• [STORED DATA]
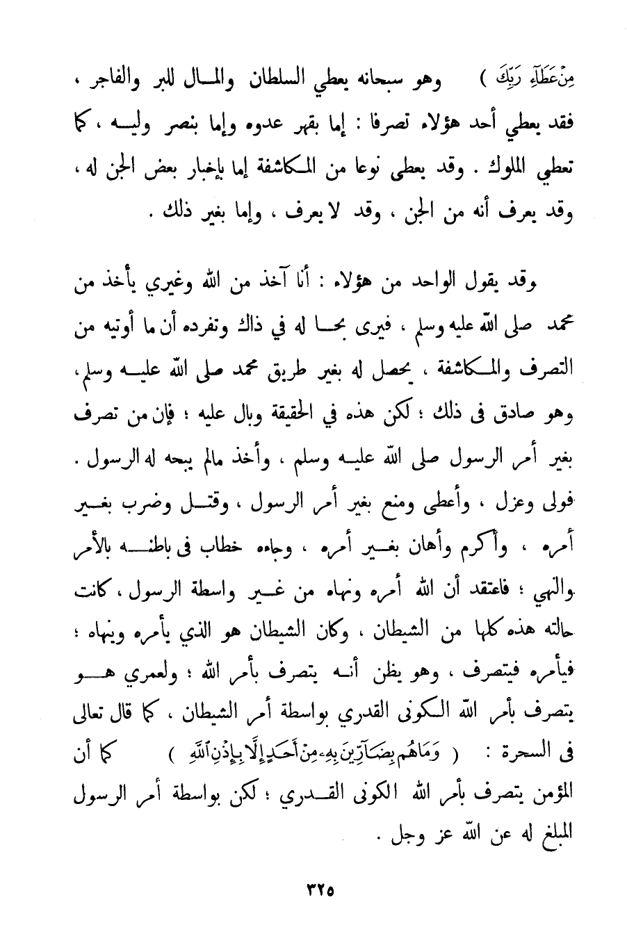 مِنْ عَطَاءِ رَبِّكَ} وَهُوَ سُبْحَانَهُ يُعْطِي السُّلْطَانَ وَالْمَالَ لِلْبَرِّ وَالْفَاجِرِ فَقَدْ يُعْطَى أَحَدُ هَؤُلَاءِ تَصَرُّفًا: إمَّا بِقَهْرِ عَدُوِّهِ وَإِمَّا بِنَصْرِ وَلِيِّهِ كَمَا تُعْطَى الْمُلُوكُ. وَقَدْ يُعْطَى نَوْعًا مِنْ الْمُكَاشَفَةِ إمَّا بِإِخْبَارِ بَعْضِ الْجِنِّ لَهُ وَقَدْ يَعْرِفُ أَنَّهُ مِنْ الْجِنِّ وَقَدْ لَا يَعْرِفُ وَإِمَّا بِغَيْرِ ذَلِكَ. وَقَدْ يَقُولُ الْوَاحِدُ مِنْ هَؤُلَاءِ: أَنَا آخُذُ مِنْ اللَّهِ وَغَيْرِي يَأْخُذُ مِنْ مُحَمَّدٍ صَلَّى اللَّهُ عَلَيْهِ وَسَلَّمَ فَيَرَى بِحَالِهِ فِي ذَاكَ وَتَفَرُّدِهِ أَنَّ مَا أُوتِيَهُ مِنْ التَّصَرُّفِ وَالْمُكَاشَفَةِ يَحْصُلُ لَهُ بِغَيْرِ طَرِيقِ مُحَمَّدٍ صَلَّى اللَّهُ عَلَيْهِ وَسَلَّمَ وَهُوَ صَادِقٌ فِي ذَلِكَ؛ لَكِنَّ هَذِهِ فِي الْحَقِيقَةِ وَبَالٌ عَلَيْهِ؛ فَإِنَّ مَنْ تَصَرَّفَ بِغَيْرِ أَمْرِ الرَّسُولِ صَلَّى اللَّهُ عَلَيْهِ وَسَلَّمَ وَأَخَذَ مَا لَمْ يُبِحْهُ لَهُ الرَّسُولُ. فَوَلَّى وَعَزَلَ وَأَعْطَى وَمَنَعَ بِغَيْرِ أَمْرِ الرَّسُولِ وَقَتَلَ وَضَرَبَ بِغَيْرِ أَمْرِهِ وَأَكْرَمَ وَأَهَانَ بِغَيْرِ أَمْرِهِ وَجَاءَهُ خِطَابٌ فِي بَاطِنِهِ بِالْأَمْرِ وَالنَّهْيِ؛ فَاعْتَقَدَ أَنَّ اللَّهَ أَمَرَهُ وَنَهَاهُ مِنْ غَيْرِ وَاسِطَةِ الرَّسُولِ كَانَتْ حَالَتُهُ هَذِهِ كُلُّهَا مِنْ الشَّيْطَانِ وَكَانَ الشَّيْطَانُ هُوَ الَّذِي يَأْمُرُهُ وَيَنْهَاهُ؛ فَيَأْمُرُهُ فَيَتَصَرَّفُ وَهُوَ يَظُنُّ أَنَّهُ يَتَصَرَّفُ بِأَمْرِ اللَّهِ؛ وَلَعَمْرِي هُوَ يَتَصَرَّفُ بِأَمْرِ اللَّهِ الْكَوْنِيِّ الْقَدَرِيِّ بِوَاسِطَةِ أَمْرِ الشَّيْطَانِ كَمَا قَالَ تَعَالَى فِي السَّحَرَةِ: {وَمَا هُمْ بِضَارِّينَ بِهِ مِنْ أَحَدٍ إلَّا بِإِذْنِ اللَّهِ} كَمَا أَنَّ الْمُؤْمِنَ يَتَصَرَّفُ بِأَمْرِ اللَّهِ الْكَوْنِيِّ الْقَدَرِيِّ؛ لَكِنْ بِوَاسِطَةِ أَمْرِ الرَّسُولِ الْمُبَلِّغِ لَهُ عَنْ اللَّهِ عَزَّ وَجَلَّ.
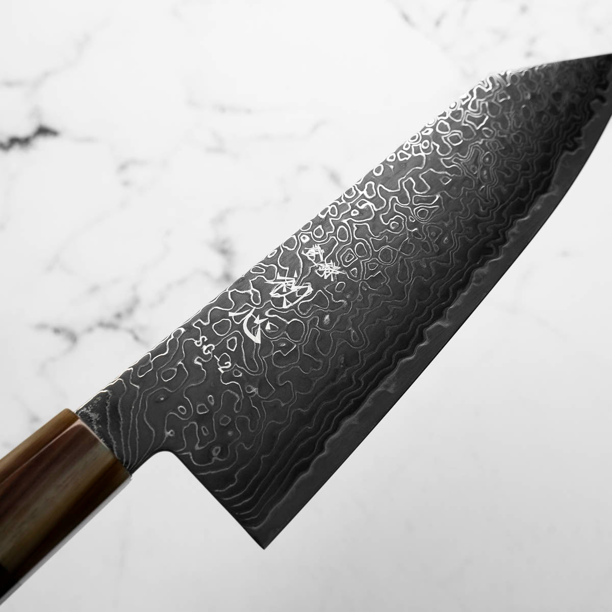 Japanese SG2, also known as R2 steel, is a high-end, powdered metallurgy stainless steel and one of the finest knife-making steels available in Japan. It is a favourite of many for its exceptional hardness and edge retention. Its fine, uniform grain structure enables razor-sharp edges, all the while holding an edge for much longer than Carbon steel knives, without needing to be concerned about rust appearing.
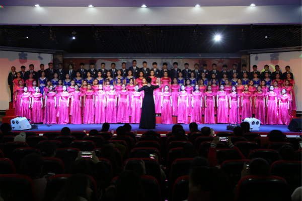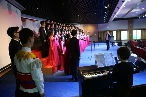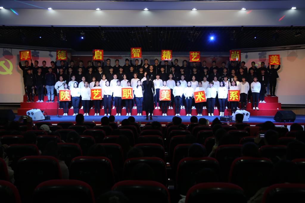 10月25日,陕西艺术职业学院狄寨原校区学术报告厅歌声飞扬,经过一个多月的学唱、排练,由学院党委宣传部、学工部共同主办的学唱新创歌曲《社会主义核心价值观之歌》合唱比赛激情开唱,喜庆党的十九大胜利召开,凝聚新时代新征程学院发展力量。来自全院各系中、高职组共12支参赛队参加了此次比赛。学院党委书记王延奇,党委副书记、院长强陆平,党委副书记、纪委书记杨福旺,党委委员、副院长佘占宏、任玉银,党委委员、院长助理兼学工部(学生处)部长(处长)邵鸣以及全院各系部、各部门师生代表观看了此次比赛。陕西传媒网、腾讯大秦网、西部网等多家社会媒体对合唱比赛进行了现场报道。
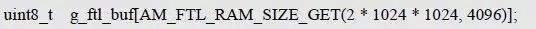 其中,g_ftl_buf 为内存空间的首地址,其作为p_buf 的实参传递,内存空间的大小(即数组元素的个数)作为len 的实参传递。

...

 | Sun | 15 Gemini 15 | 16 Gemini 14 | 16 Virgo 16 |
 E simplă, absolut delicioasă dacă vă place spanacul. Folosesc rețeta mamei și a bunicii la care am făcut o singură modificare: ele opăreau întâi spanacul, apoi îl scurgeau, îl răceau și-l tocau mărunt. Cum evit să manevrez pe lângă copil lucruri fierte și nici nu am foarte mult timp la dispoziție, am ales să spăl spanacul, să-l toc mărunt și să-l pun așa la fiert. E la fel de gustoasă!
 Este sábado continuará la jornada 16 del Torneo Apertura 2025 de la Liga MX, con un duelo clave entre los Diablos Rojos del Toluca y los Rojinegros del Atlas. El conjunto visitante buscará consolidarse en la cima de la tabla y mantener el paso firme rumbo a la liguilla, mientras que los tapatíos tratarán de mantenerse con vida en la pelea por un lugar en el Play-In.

• [ASSIGNED TASK] Of the entries listed above, reproduce only the lines starting at the line containing "16 Virgo 16 |" and ending at the line containing "E simplă, absolut". Include both, exactly as they stand.

• [SOLUTION FOR THIS EXERCISE]
 | Sun | 15 Gemini 15 | 16 Gemini 14 | 16 Virgo 16 |
 E simplă, absolut delicioasă dacă vă place spanacul. Folosesc rețeta mamei și a bunicii la care am făcut o singură modificare: ele opăreau întâi spanacul, apoi îl scurgeau, îl răceau și-l tocau mărunt. Cum evit să manevrez pe lângă copil lucruri fierte și nici nu am foarte mult timp la dispoziție, am ales să spăl spanacul, să-l toc mărunt și să-l pun așa la fiert. E la fel de gustoasă!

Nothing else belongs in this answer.